Excited-State Characters and Dynamics of [W(CO)5(4-cyanopyridine)]
and [W(CO)5(piperidine)] Studied by Picosecond Time-Resolved IR and
Resonance Raman Spectroscopy and DFT Calculations:
Roles of W → L and W → CO MLCT and LF Excited States Revised
posted on 2004-03-08, 00:00authored byStanislav Záliš, Michael Busby, Tomáš Kotrba, Pavel Matousek, Mike Towrie, Antonín Vlček
The characters, dynamics, and relaxation pathways of low-lying excited states of the complexes [W(CO)5L] [L =
4-cyanopyridine (pyCN) and piperidine (pip)] were investigated using theoretical and spectroscopic methods. DFT calculations
revealed the delocalized character of chemically and spectroscopicaly relevant molecular orbitals and the presence of a
low-lying manifold of CO π*-based unoccupied molecular orbitals. Traditional ligand-field arguments are not applicable.
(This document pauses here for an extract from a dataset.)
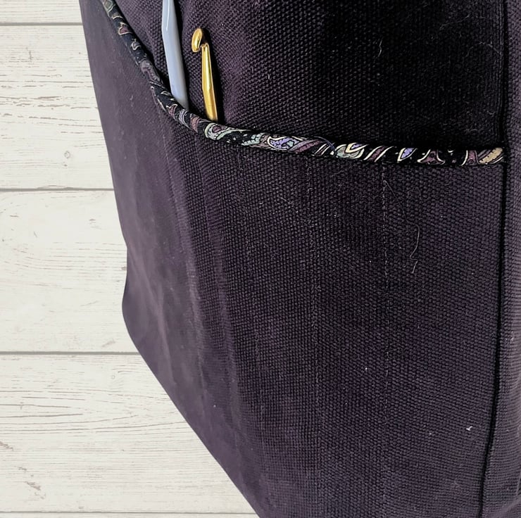 Inside the bag there is plenty of room for your wool and your piece of knitting plus a deep pocket the height of the bag allows you to store your knitting needles safely,There is an open pocket big enough to store your scissors, tape measures and any other haberdashery you will need. I’ve started to add brass feet to the bottom of the bag to protect the base.

The lowest excited states of [W(CO)5(pyCN)] are W → pyCN MLCT in character. They are closely followed in energy by
W → CO MLCT states. Excitation at 400 or 500 nm populates the 3MLCT(pyCN) excited state, which was characterized
by picosecond time-resolved IR and resonance Raman spectroscopy. Excited-state vibrations were assigned using DFT
calculations. The 3MLCT(pyCN) excited state is initially formed highly excited in low-frequency vibrations which cool with
time constants between 1 and 20 ps, depending on the excitation wavelength, solvent, and particular high-frequency
ν(CO) or ν(CN) mode. The lowest excited states of [W(CO)5(pip)] are W → CO MLCT, as revealed by TD-DFT interpretation
of a nanosecond time-resolved IR spectrum that was measured earlier in a low-temperature glass (Johnson, F. P. A.;
George, M. W.; Morrison, S. L.; Turner, J. J. J. Chem. Soc., Chem. Commun.1995, 391−393). MLCT(CO) excitation
involves transfer of electron density from the W atom and, to a lesser extent, the trans CO to the π* orbitals of the four
cis CO ligands. Optical excitation into MLCT(CO) transition of either complex in fluid solution triggers femtosecond
dissociation of a W−N bond, producing [W(CO)5(solvent)]. It is initially vibrationally excited both in ν(CO) and anharmonicaly
coupled low-frequency modes. Vibrational cooling occurs with time constants of 16−22 ps while the intramolecular vibrational
energy redistribution from the v = 1 ν(CO) modes is much slower, 160−220 ps. No LF excited states have been found
for the complexes studied in a spectroscopically relevant range up to 6−7 eV. It follows that spectroscopy, photophysics,
and photochemistry of [W(CO)5L] and related complexes are well described by an interplay of close-lying MLCT(L) and
MLCT(CO) excited states. The high-lying LF states play only an indirect photochemical role by modifying potential energy
curves of MLCT(CO) states, making them dissociative.